Share your dilemmas and get honest opinions from other Mumsnetters.

AIBU to think that Bridget Phillipson is exaggerating the level of middle-class support for VAT on school fees?

1000 replies

TepidWatersOfManagedDecline · 29/12/2024 14:00

Bridget Phillipson has been quoted as saying that the policy is supported by "middle-class parents in good professional jobs with housing costs who just can't afford that level of fee" and want "brilliant state schools". www.bbc.co.uk/news/articles/c86wd1y7v2xo

Is this true, in your experience? Most middle-class parents with professional jobs who I’ve discussed this with think that it’s a spiteful policy (including those who don’t use the independent sector).

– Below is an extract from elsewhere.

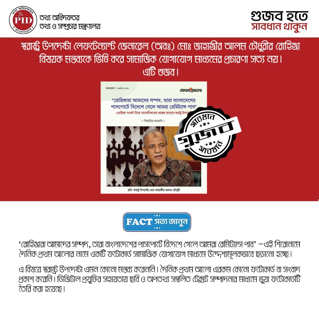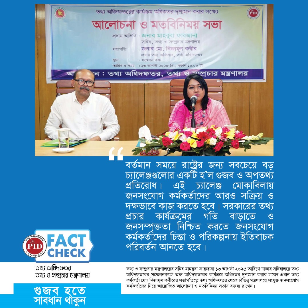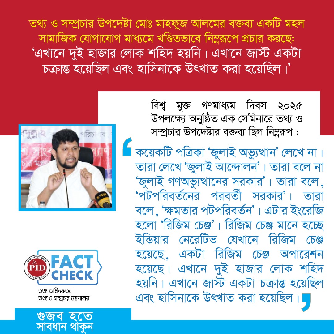 | ০৮/০৫/২০২৫ | তথ্য উপদেষ্টার বক্তব্যকে বিকৃত করে প্রচারিত গুজব | |

AIBU to think that Bridget Phillipson is exaggerating the level of support for the policy?

OP posts:
Thread gallery
13
MrsMurphyIWish · 30/12/2024 21:07

velodrome · 30/12/2024 21:05

Those interested in legal reforms to SEND system please have a read of this news and quote from the IPSEA website - they sound worried about government direction of travel
https://www.ipsea.org.uk/news/new-parliamentary-inquiry-into-solving-the-send-crisis

Most of us of SEND parents just get on with it with the best we can.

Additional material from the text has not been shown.